EDITORIAL: Businesses can use corporate bonds to borrow cheaply

Government's quarterly issuance of Treasury bonds that started this financial year has fast become an effective means of recruiting Rwandans into active players in the financial market.

Government’s quarterly issuance of Treasury bonds that started this financial year has fast become an effective means of recruiting Rwandans into active players in the financial market.

The Rwf15 billion Treasury bond issued by the government last week was quickly bought up by local investors, some of them Umurenge Saccos owned by the ordinary folk.

In the past, owing to limited knowledge on financial markets, Rwandans watched while financial institutions, using people’s very savings, raked in profits from risk-free government Treasury bills and bonds.

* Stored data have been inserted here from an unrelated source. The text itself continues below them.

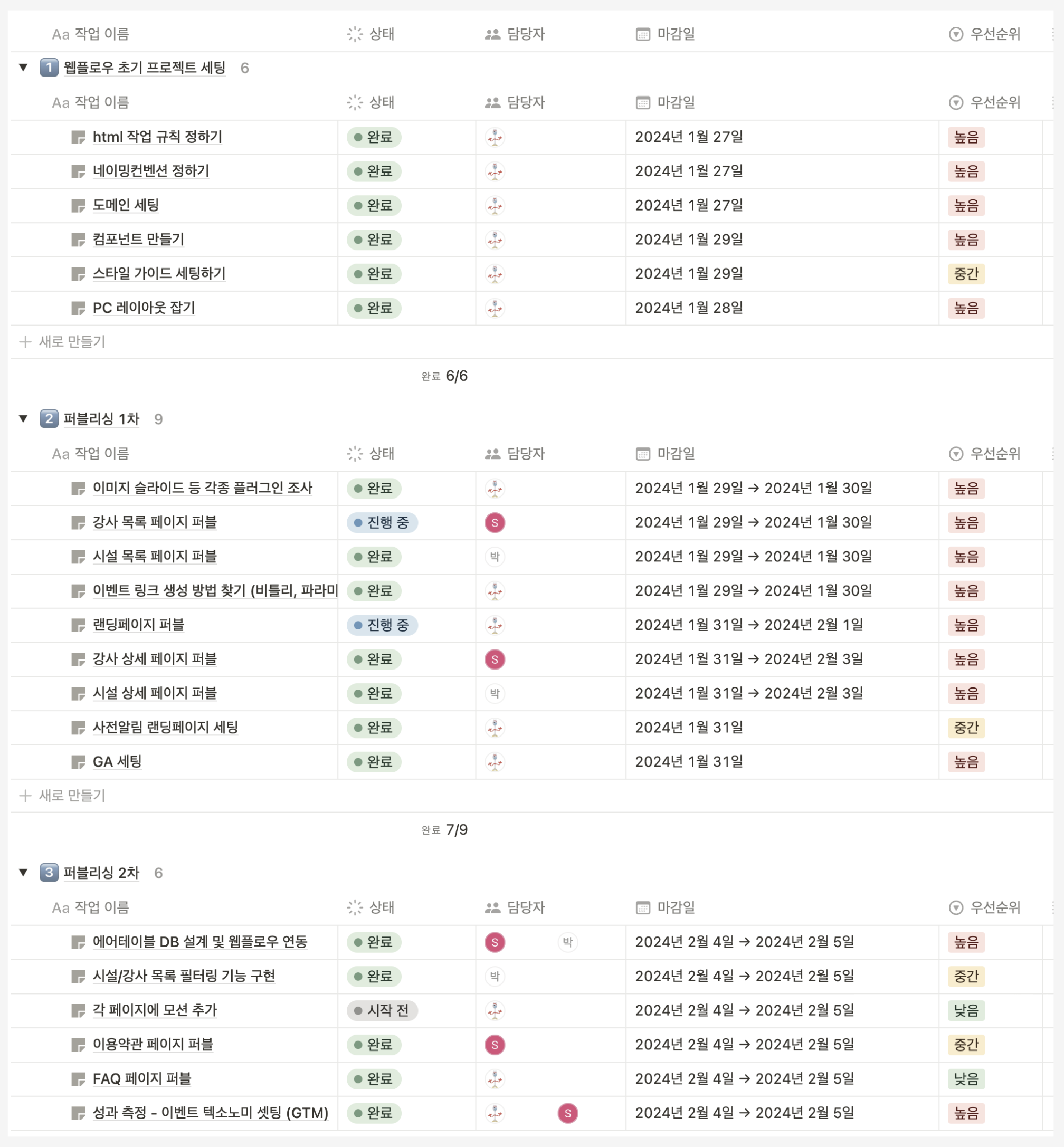 저 역시도 이번 런칭을 위해 필요한 작업들을 하나씩 나열하고 우선순위가 높은 작업들을 앞에 배치한 후 담당자, 마감일을 세팅해주었습니다.
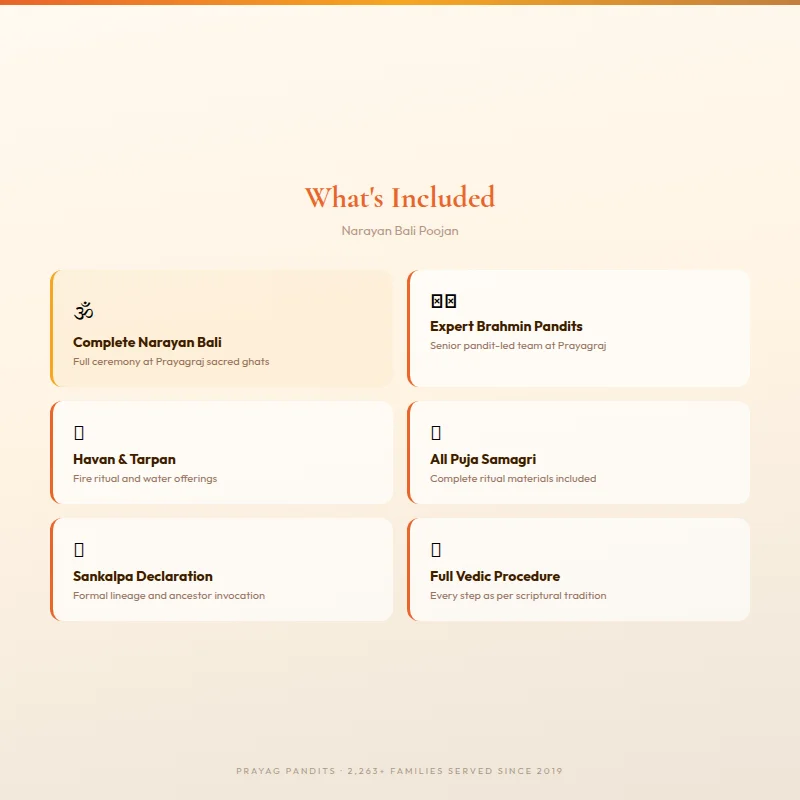 No. These are two distinct ceremonies with different purposes. Narayan Bali is specifically for souls who died unnatural deaths or whose last rites were incomplete. Tripindi Shradh is performed when three or more generations of ancestors have not received proper Shradh for an extended period. In some cases, both are recommended together, but they are separate rituals performed on separate occasions. Our pandit will help you understand which one your family’s situation calls for.
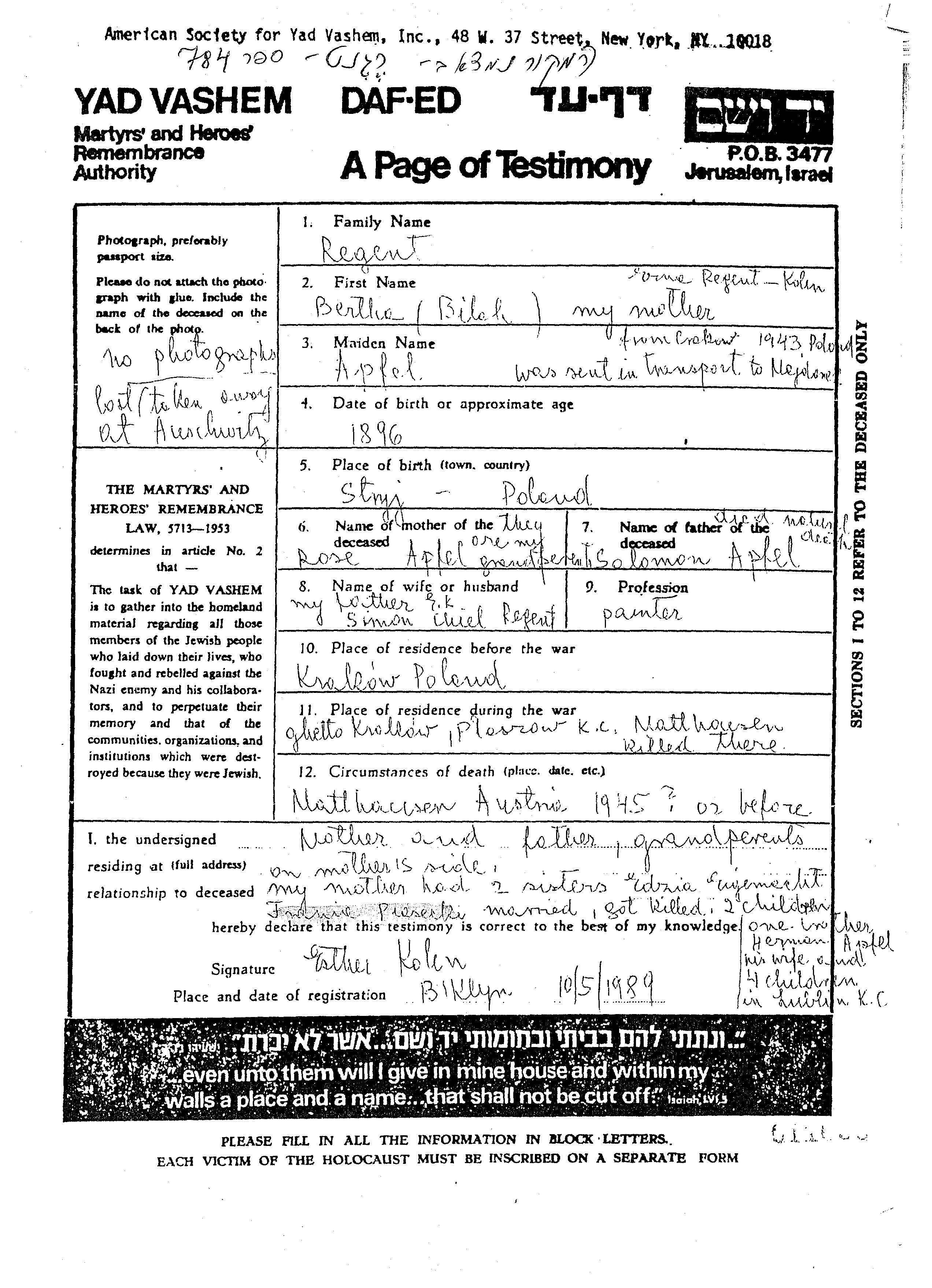 Bertha Bilah Regent, geb. Apfel wurde im Jahr 1896 in Stryj, Polen geboren. Sie war die Tochter von Solomon und Rose. Sie war Kunstmaler/-in und mit Simon Chiel Verheiratet. Vor dem Zweiten Weltkrieg lebte sie in Krolikow, Polen. Während des Krieges war sie in Krolikow, Polen.

But thanks to recent mobilisation campaigns by the Ministry of Finance and Economic Planning, Rwandans have seen a window of opportunity presented by government debt paper to safely invest their savings while at the same time contributing to the country’s development.

But the business community needs to go beyond lending government and look at the broader financial markets as a source of cheaper working capital to grow their businesses.

Through these successful Treasury bonds, the government has tested the waters and discovered that there is money out there to be borrowed at long-term and more flexible terms.

Businesses should, therefore, seize the opportunity by working with the Rwanda Stock Exchange to issue corporate bonds for less stressing debt and avoid the often high commercial bank lending rates.

Celestin Rwabukumba, the chief executive officer of Rwanda Security Exchange, has correctly predicted that if corporate borrowers look to the bond market for working capital, interest rates will eventually come down across the board as forces of demand and supply prevail.

Therefore, rather than keep lamenting about the high interest rates charged on bank loans, businesses should go for corporate bonds. Not only will this enable them raise long-term capital, it will also help build a financial literate society.